* **WHAT THIS TASK INVOLVES**
Beneath this line are entries. Copy the range from the line with "За малки апартаменти" to the line with "Estee Lauder Soft", ends included, exactly; leave pictures out.

* **EXTRACTED INFORMATION**
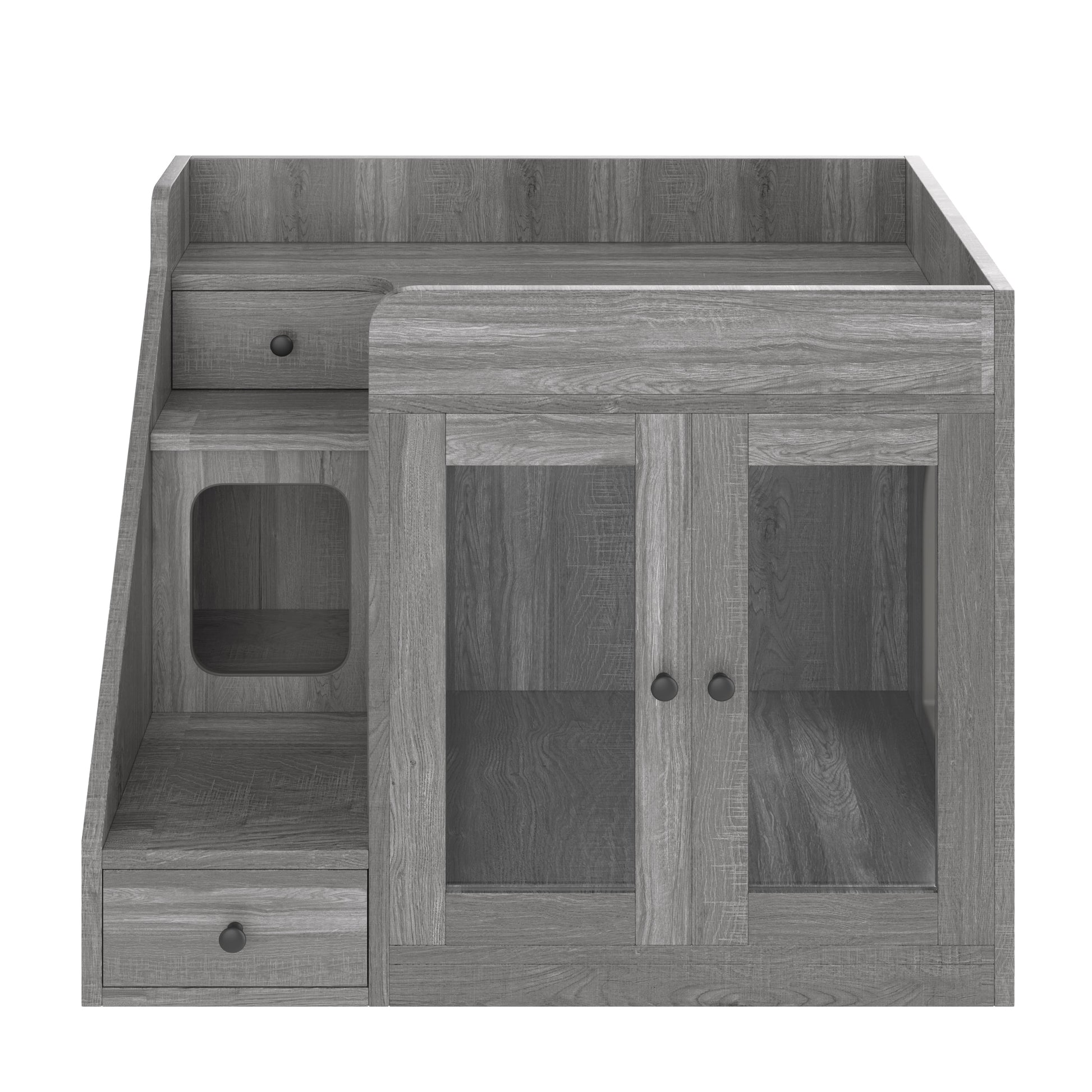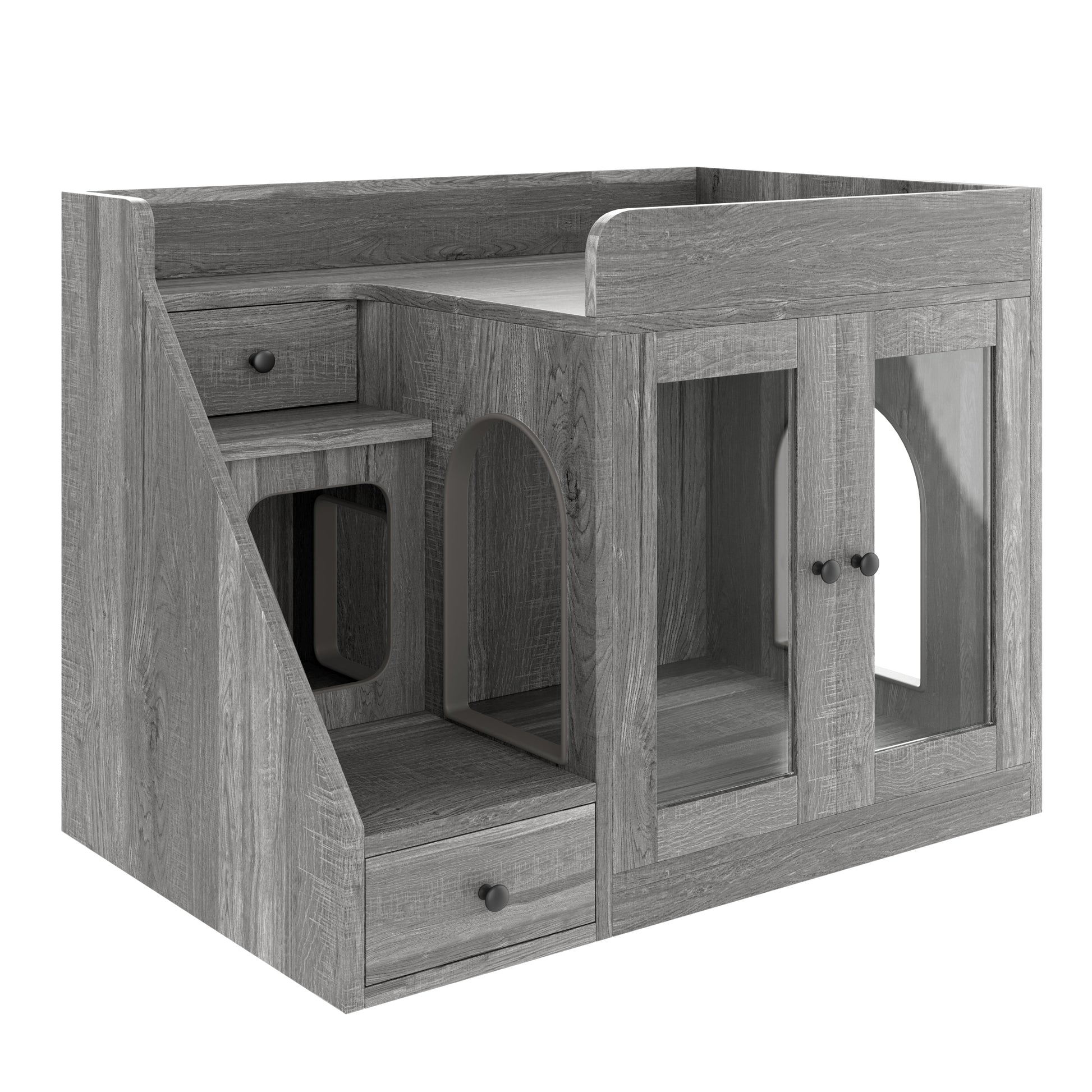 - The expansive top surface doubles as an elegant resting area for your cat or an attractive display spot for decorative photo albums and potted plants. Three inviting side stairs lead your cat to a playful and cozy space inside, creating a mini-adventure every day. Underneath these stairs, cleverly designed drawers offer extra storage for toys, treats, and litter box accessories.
---
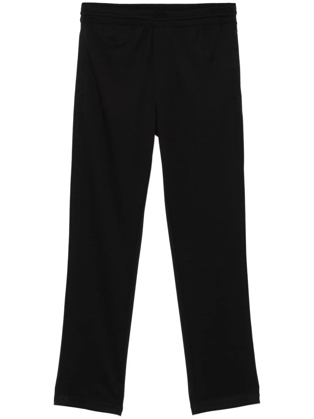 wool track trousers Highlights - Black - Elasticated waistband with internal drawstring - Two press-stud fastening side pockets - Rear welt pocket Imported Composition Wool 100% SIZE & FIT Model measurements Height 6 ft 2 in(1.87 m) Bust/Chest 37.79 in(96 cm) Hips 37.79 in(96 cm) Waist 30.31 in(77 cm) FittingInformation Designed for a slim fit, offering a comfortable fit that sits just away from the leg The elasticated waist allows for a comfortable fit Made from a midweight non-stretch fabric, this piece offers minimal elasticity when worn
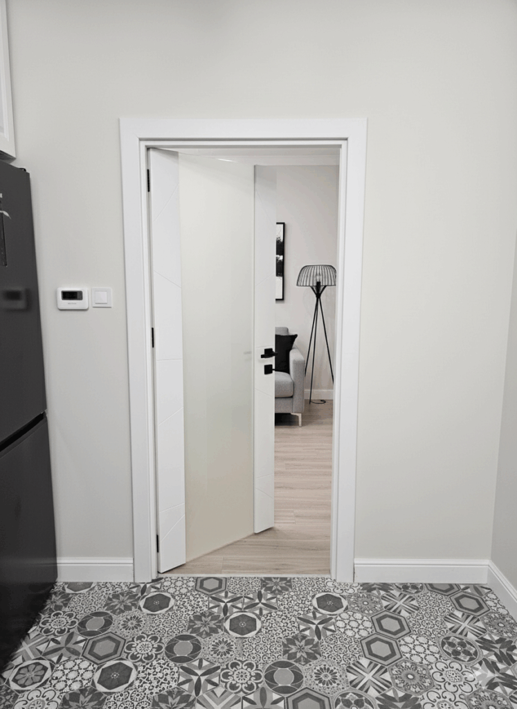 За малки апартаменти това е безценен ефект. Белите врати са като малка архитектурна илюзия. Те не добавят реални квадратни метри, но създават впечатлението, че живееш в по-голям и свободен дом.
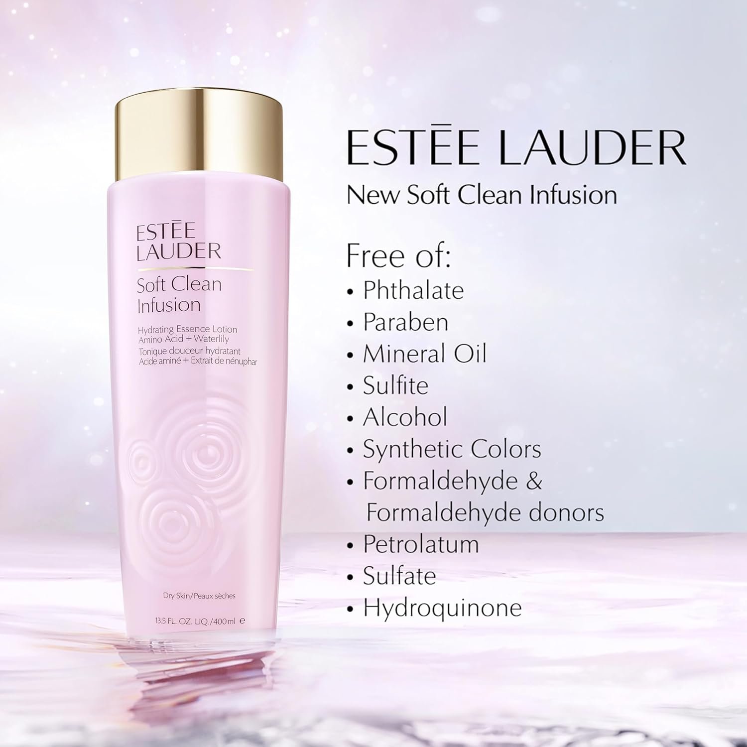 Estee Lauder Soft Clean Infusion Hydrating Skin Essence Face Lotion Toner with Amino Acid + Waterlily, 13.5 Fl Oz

* **SOLUTION TO THE EXERCISE**
 За малки апартаменти това е безценен ефект. Белите врати са като малка архитектурна илюзия. Те не добавят реални квадратни метри, но създават впечатлението, че живееш в по-голям и свободен дом.
 Estee Lauder Soft Clean Infusion Hydrating Skin Essence Face Lotion Toner with Amino Acid + Waterlily, 13.5 Fl Oz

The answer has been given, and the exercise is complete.